Official figures published earlier this month showed the economy contracted by 2.9 per cent in January as the lockdown took its toll.
However, this was less than feared and a far cry from the double-digit fall of last April at the height of the first wave of coronavirus.
The Office for Budget Responsibility (OBR) recently revised down its forecasts for unemployment to peak at 6.5 per cent by the end of the year – down from previous estimates made in November of 7.5 per cent.
This would equate to 340,000 fewer people out of work than previously thought thanks largely to the decision to extend furlough.
Responding to the latest jobs statistics, Mr Sunak said: ‘Coronavirus has caused one of the largest labour market shocks this country has ever faced, which is why protecting, supporting and creating jobs has been my focus throughout this crisis.
‘We have taken decisive action with a £352 billion package of support. The continued success of the vaccine rollout provides us with hope for the future and, through our Plan for Jobs, we will continue to support people throughout the months to come.’
Suren Thiru, the head of economics at the British Chambers of Commerce, said the payroll numbers suggested the UK jobs market is ‘becoming more resilient’.

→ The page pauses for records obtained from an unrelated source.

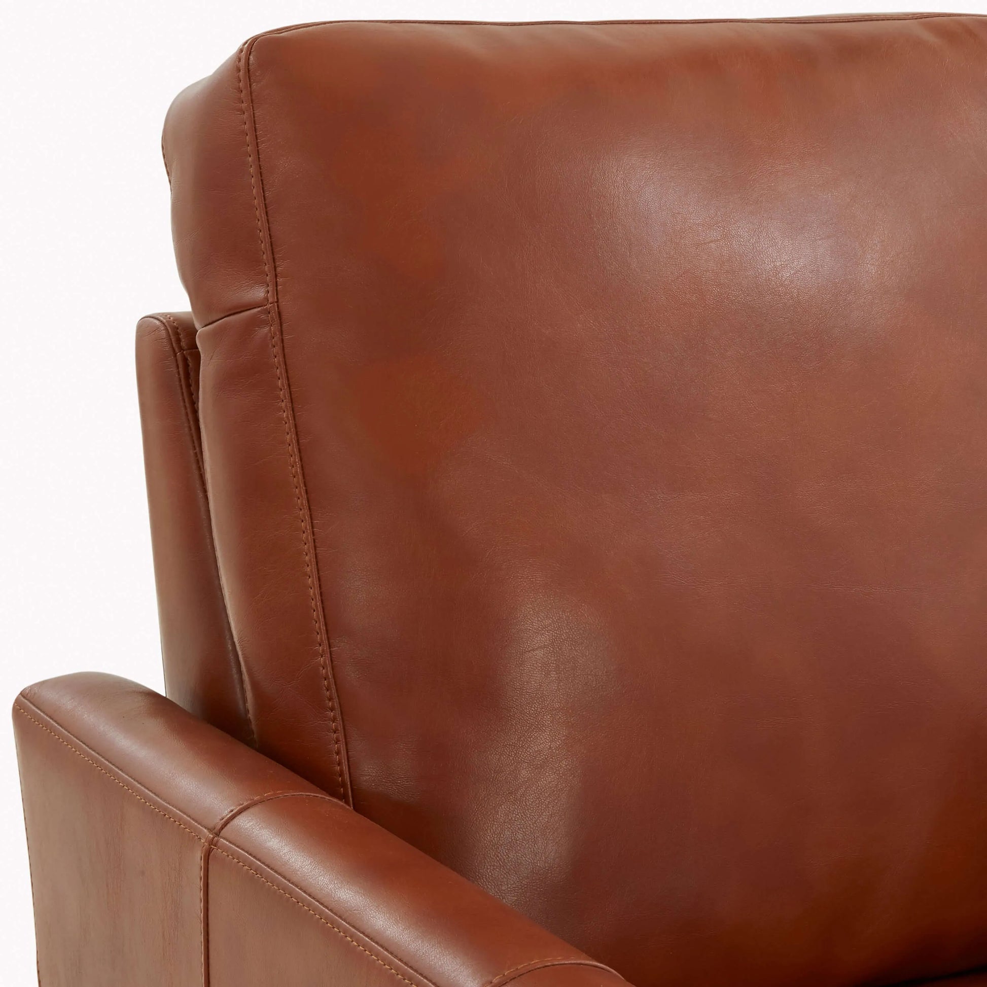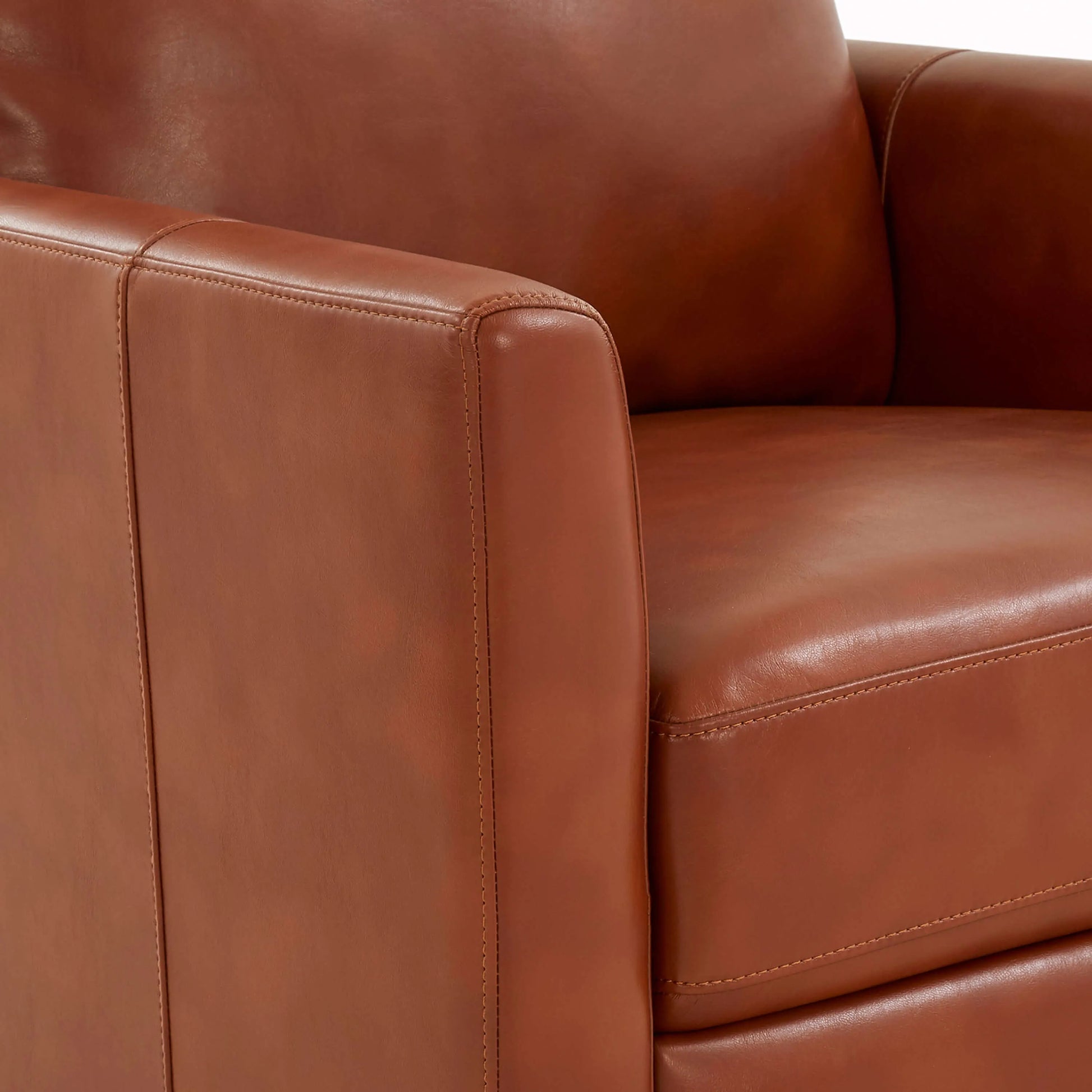 Rich caramel faux leather offers a luxurious look with easy-clean convenience. This warm, inviting shade adds cozy elegance to your space while being soft to the touch and durable.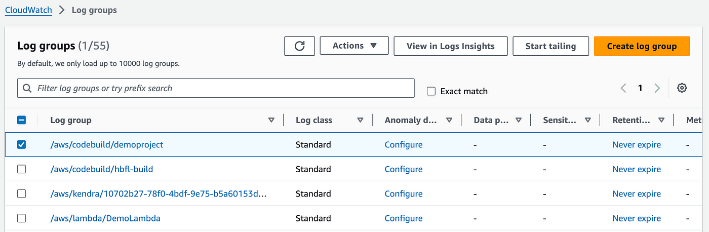 On this new page you will see a list of all the log groups that have automatically been created for you by AWS for various services.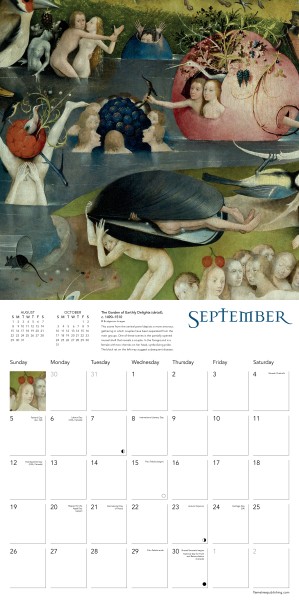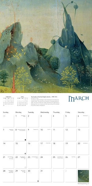 Hieronymus Bosch lived and worked over 500 years ago in the Dutch town of ’s-Hertogenbosch, from which he takes his name. He is best known for his fantastical, wondrous art full of strange creatures, both grotesque and heavenly. The work he has left behind still defies the imagination. This calendar portrays 12 complex, impressive and debauched artworks by Bosch. Informative text accompanies each work, and the datepad features previous and next month’s views. Printed on FSC-certified paper, with plastic-free packaging.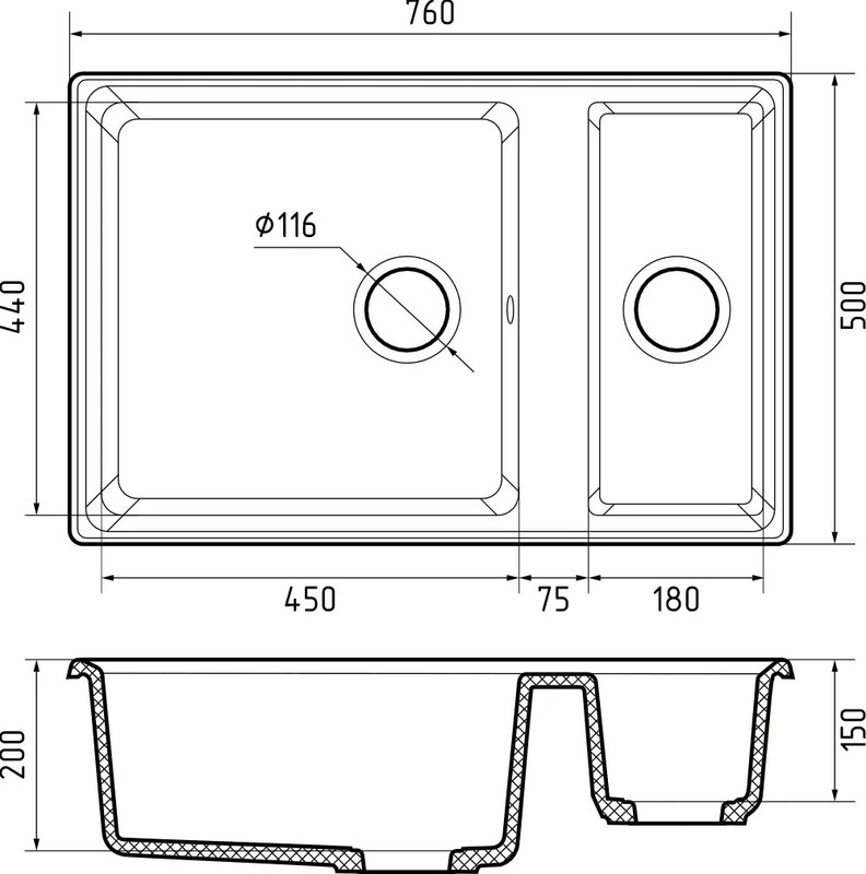 Мойка GRANFEST GF-LV--760K 1,5 чаши 760*500 (кашемир)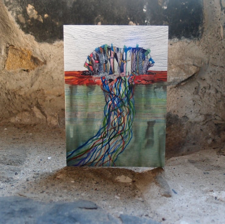 This card is 5"x7" in size. It comes wrapped in a compostable cello bag with an envelope made from recycled paper. 'Season's greetings' is printed on the inside of the card.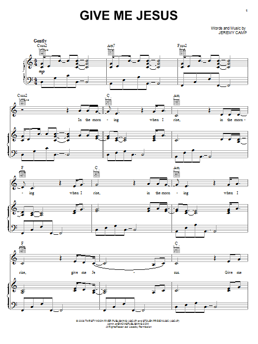 Download or print Jeremy Camp Give Me Jesus sheet music, chords and digital score arranged for Piano, Vocal & Guitar Chords (Right-Hand Melody). This Christian score includes 6 page(s).

He said: ‘Ongoing wage support, greater clarity provided by the government’s roadmap and the adaptations made by some firms to operate under lockdown restrictions helped support higher payroll employment in February.

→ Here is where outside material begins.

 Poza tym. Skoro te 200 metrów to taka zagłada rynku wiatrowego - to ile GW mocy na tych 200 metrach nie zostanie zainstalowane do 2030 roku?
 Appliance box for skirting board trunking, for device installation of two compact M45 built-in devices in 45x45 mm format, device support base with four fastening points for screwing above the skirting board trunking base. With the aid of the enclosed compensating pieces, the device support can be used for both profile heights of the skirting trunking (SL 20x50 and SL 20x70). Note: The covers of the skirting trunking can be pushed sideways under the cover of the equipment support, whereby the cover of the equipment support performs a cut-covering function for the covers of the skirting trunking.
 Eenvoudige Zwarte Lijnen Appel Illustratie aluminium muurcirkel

‘Extending furlough will limit the peak in job losses. However, with many firms struggling with the damage done to their cashflow by a year of covid restrictions, unemployment is likely to remain on an upward trajectory until well beyond a full reopening of the economy.’

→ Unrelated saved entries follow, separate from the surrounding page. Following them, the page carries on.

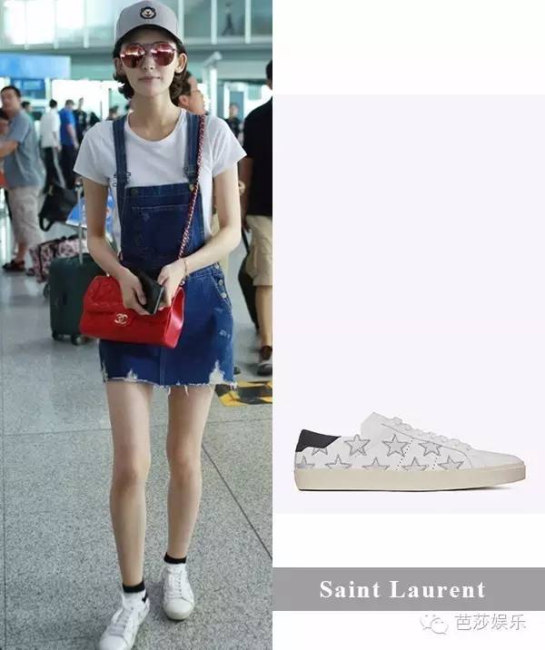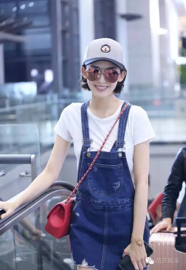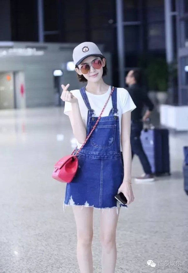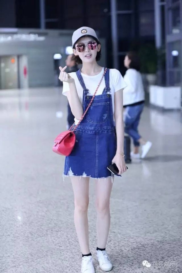 每次在机场都能时髦到起飞的娜扎,这次用白T和背带裙又小清新了一把~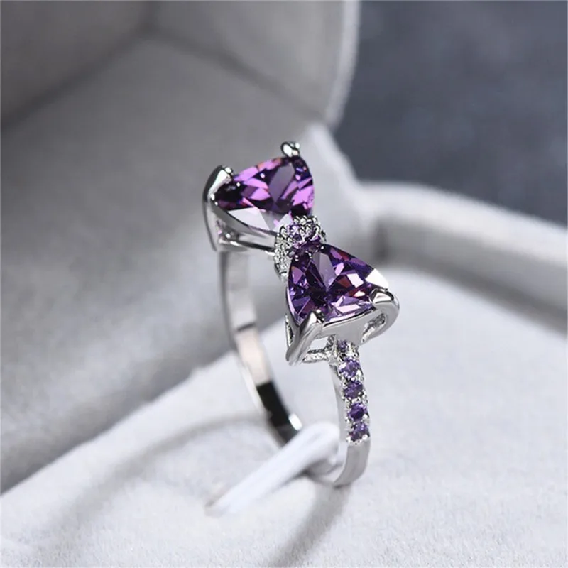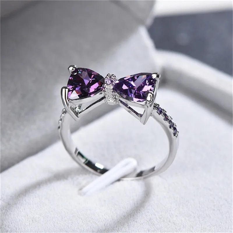 CC Модные кольца для женщин бант фиолетовый кубический цирконий кольцо элегантное для свадьбы помолвки Свадебные украшения Anel Прямая доставка CC2363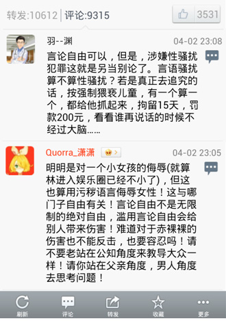 作為一個志愿成為青年導師的人,我想您應該尊重起碼的道德與法治原則,但是很遺憾的是,當一名14歲的中國少女林某在微博上遭遇一群人性騷擾的 時候,您作為一名導師不僅沒有站出來保護她不受性騷擾,卻反而為那些性騷擾者進行辯護稱:“小姑娘,這是人類不可剝奪的言論自由,您長大后會慢慢理解。” 言下之意就是性騷擾是言論自由的一部分,被騷擾人只能選擇接受。

The ONS statistics show that the number of job vacancies has increased in recent months after crashing at the start of the pandemic

Meanwhile, the redundancy rate has fallen but it is still significantly above pre-pandemic levels

A recovery in the total number of weekly hours worked in the UK has stalled after the latest national lockdown was imposed in January
The latest figures also showed that the nation is still far below pre-pandemic levels of overall hours worked every week.
Between August to October 2020 and November 2020 to January 2021, total actual weekly hours worked saw an increase of eight million, or 0.8 per cent, to 968million hours.
The average actual weekly hours worked increased by 0.4 hours on the quarter to 29.9 hours.
However, the recovery in actual hours worked has stalled because of the national lockdown imposed in January.
Meanwhile, redundancies also remain higher than normal but they are now lower than the previous quarter.
In the period between November to January the ONS said that reports of redundancy increased by 7.2 per thousand on the year but decreased by 2.3 per thousands on the preceding three months to 11 per thousand.